* _PROBLEM REQUIREMENTS_
For the full listing below, write out each entry exactly and exclude the images.

* _RECORDS SHOWN_
━━━━━━━━━━
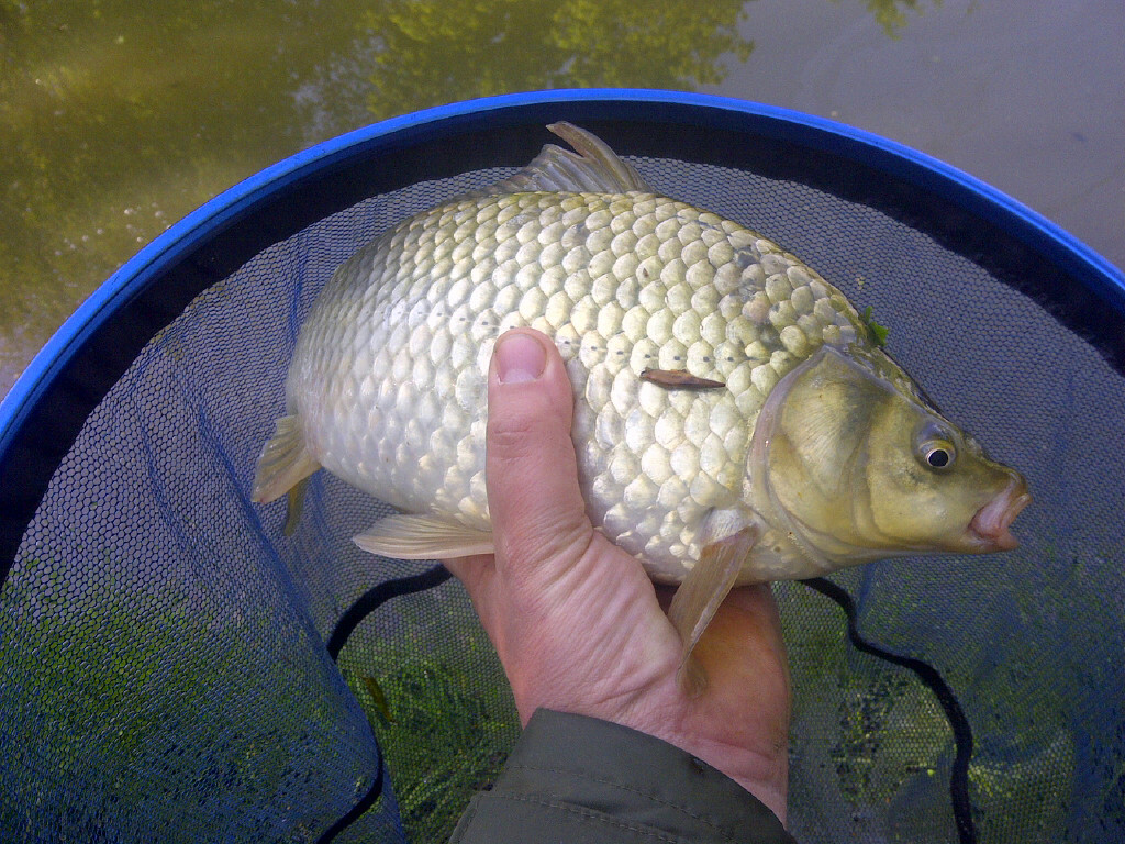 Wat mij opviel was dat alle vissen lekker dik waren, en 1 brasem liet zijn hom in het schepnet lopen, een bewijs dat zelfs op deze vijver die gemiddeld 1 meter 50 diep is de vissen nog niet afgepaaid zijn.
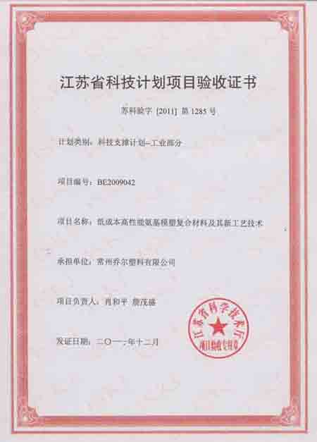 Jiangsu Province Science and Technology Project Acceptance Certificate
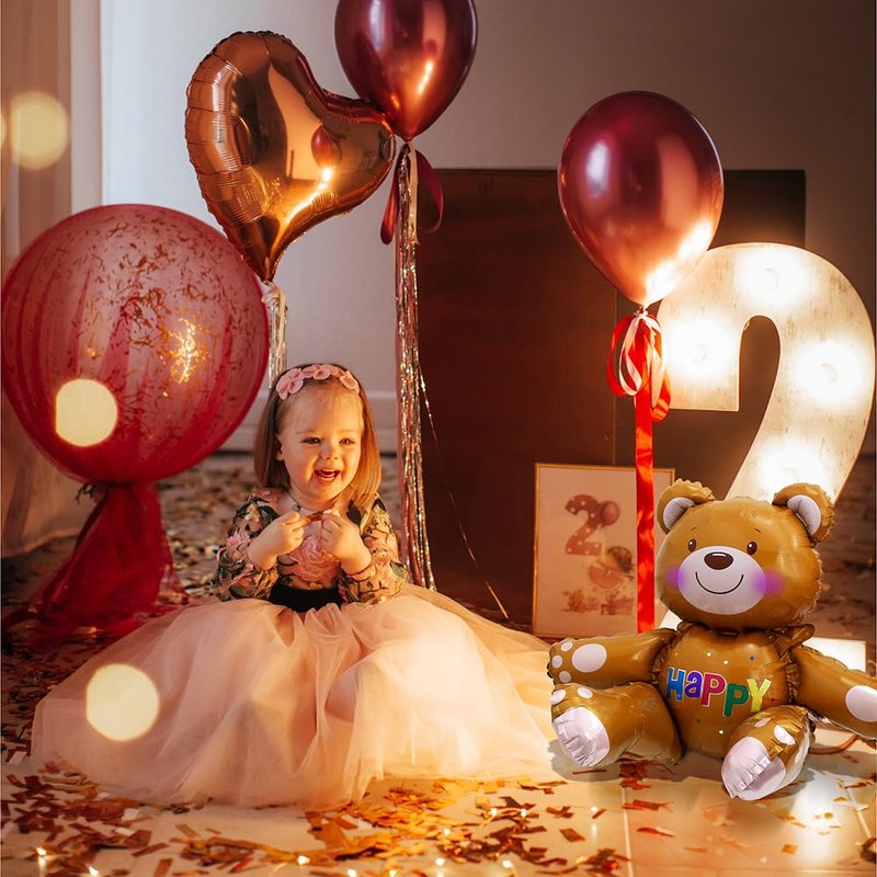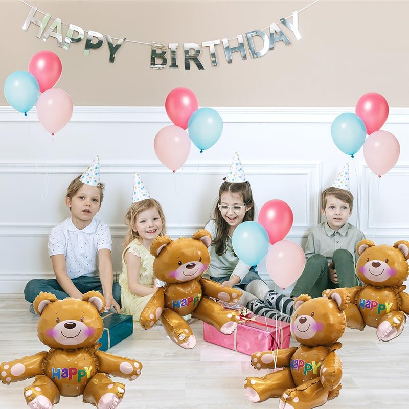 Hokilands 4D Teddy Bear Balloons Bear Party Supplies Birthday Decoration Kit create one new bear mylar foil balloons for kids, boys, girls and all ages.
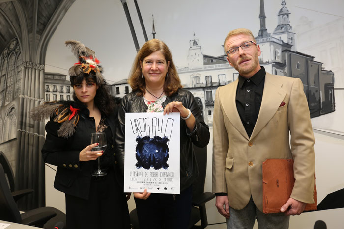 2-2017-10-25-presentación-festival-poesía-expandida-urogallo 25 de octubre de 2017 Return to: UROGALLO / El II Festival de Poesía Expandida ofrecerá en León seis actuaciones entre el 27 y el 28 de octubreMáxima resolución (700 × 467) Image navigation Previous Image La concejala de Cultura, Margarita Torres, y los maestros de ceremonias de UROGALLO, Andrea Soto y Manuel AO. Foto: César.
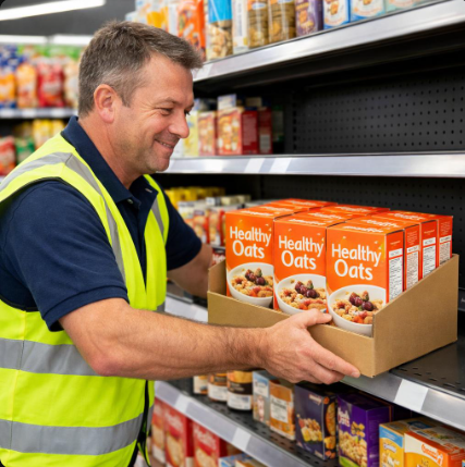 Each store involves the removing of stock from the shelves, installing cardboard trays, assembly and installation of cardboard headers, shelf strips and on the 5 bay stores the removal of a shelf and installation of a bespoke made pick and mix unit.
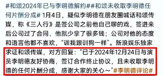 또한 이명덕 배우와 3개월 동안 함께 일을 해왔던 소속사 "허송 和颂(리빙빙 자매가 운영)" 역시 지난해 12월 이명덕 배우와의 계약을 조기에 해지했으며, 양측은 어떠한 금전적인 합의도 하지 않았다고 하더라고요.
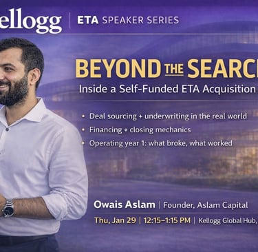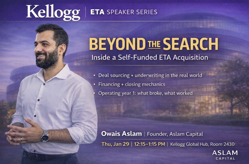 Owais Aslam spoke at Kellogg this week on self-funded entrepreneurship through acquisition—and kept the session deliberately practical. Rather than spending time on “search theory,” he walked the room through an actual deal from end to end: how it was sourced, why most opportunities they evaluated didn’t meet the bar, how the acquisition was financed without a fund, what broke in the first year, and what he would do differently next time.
━━━━━━━━━━
* _ANSWER FOR THIS EXERCISE_
 Wat mij opviel was dat alle vissen lekker dik waren, en 1 brasem liet zijn hom in het schepnet lopen, een bewijs dat zelfs op deze vijver die gemiddeld 1 meter 50 diep is de vissen nog niet afgepaaid zijn.
 Jiangsu Province Science and Technology Project Acceptance Certificate
 Hokilands 4D Teddy Bear Balloons Bear Party Supplies Birthday Decoration Kit create one new bear mylar foil balloons for kids, boys, girls and all ages.
 2-2017-10-25-presentación-festival-poesía-expandida-urogallo 25 de octubre de 2017 Return to: UROGALLO / El II Festival de Poesía Expandida ofrecerá en León seis actuaciones entre el 27 y el 28 de octubreMáxima resolución (700 × 467) Image navigation Previous Image La concejala de Cultura, Margarita Torres, y los maestros de ceremonias de UROGALLO, Andrea Soto y Manuel AO. Foto: César.
 Each store involves the removing of stock from the shelves, installing cardboard trays, assembly and installation of cardboard headers, shelf strips and on the 5 bay stores the removal of a shelf and installation of a bespoke made pick and mix unit.
 또한 이명덕 배우와 3개월 동안 함께 일을 해왔던 소속사 "허송 和颂(리빙빙 자매가 운영)" 역시 지난해 12월 이명덕 배우와의 계약을 조기에 해지했으며, 양측은 어떠한 금전적인 합의도 하지 않았다고 하더라고요.
 Owais Aslam spoke at Kellogg this week on self-funded entrepreneurship through acquisition—and kept the session deliberately practical. Rather than spending time on “search theory,” he walked the room through an actual deal from end to end: how it was sourced, why most opportunities they evaluated didn’t meet the bar, how the acquisition was financed without a fund, what broke in the first year, and what he would do differently next time.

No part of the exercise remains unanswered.